I turn on my computer and expect to be able to read the latest facts from all over the world which is why I am no longer a print reader. I do not want to read yesterday's news when there is more up to date information at my fingertips.

I appreciate the job done by good journalists and particularly understand that they need to still have time to proof read and edit their articles. As an example, the day Robin Williams' death was reported, the first I heard of it on my car radio was "unconfirmed reports are stating that RW died but as yet we do not know if this is an internet hoax as his publicist has not released a press statement". Getting the news out has to be accurate, but we do expect to hear it fast.

For this reason, the demise of the print versions is going to continue. The next big question is how to pay for the news and news organizations are either charging for access to their sites or we have advertising to pay for it. This should be the next debate. Should advertisers therefore have any say in the way the newspapers in which they advertise are run?

1 person likes this
Posted by D.C. Mitchell
a resident of Professorville
on Sep 15, 2014 at 4:37 pm

I've lived here in Silicon Valley, as it is now called, for the past 50 years. As one might expect, this is a unique place of mostly highly educated, energetic people, interested in the goings-on in all places among all groups of people.

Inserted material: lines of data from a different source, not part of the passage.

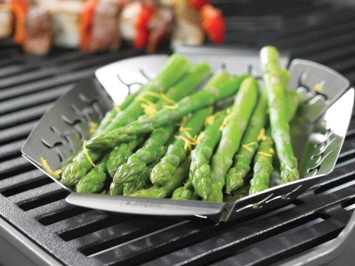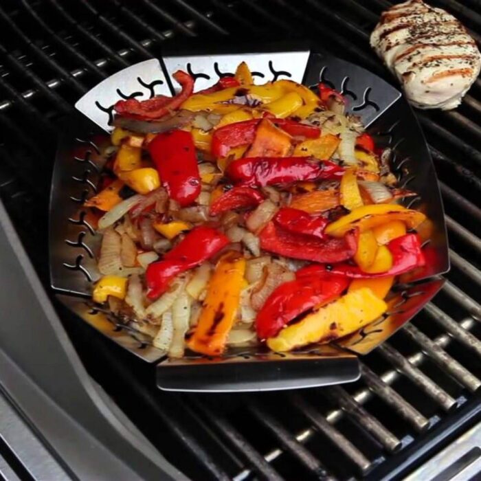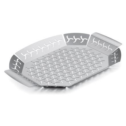 Перфорированный овальный противень предназначен для приготовления блюд из мяса, птицы, рыбы и овощей, где присутствуют мелкие кусочки. Блюда получаются сочными и ароматными, поскольку жар и дым проходят сквозь отверстия. Противень не подвержен деформации, выполнен из нержавеющей стали, легко моется. Можно использовать как на гриле, так и на кухне.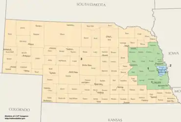 List of members of the Nebraskan United States House delegation, district boundaries, and the district political ratings according to the CPVI. The delegation has a total of 3 members, all of whom are Republicans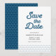 Blått Vågar Spara datumkortet har en blå vinkara mönster baksida. Anpassa den genom att ersätta platshållartexten. Om du vill ha fler alternativ som att ändra teckensnittet och det är storlekt/färg eller mellanrummet mellan brev klickar du på knappen "Anpassa". *Observera att Zazzle Watermark som visas i zoomförhandsvisningen INTE visas på den färdiga tryckta produkten. © Rosewood and Citrus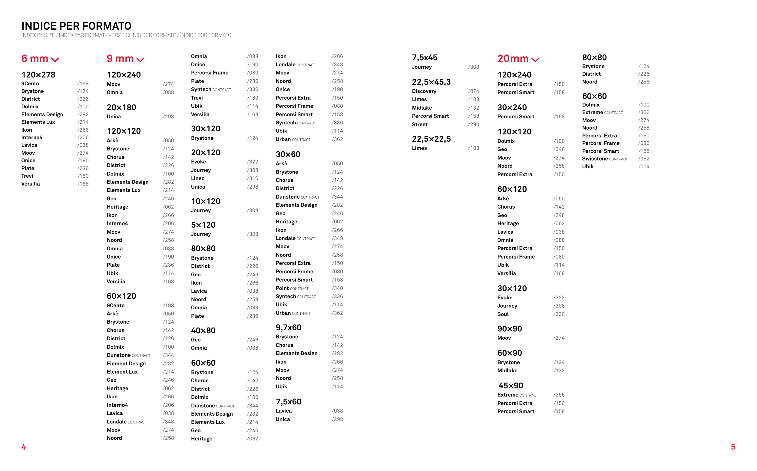 INDEX BY SIZE / INDEX PAR FORMAT / VERZEICHNIS DER FORMATE / ÍNDICE POR FORMATO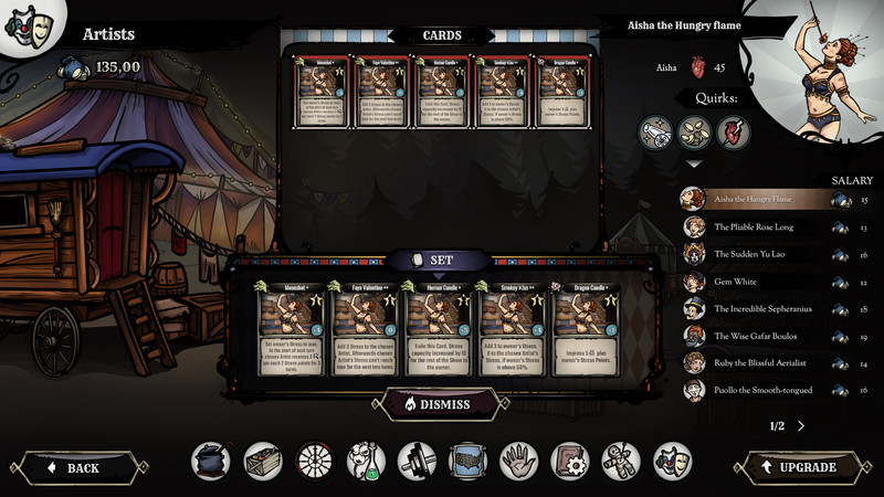 You take the role of an impoverished owner of a traveling Circus. Through your personal and multithreaded story, The Amazing American Circus reveals mysteries behind a uniquely American form of entertainment. Deliver a perfect show in a special card duel between you and the audience. Boredom is your enemy, and your performances and tricks are your best weapons. Choose your cards wisely and try to figure out the mood of the crowd. As a traveling Circus owner, you need to look for new troupe members. During your travels, you will try to gather an exotic crew of performers, but can you deliver the best shows, win the audience's approval, or will you fail?

We have witnessed newspapers come and go over the years and have formed opinions of the types of news coverage about which most people here are most interested, and news coverage not interesting to many. We seem to be interested about advances in medicine, electronics including all things high-tech, and social interaction of a positive nature within the newspaper distribution area; with over two million people in this area that is not a problem to cover.

What most people do not want to see in this local newspaper is coverage, superficial as it is, of news items from areas far removed from this interesting, industrious, fascinating area. and we do not want to have to be subjected to political opinion that the large majority of us entirely disagree with, such as political editorial cartoons from places such as ultra-right wing, isolationist Victorville, CA which is small in area and at least 500 miles from The San Jose Mercury News' circulation area.

1 person likes this
Posted by Share
a resident of Embarcadero Oaks/Leland
on Sep 21, 2014 at 10:25 pm

As much as I like newspapers printed on paper, everyone knows their days are numbered. So right now we have newspapers simultaneously on paper and online. Trouble is, people don't much like to have to pay for news content online. For example, I receive the "front page" of the online NY Times for free, but they want me to pay to read individual articles in full. However, I have a way around that. So, then, media companies will have to get their online revenue from ads. What I see is a general dumbing down of online news content with poorly paid writers and a quest for eyeballs using inane subjects, such as "The Ten Best American Cities for Blind People."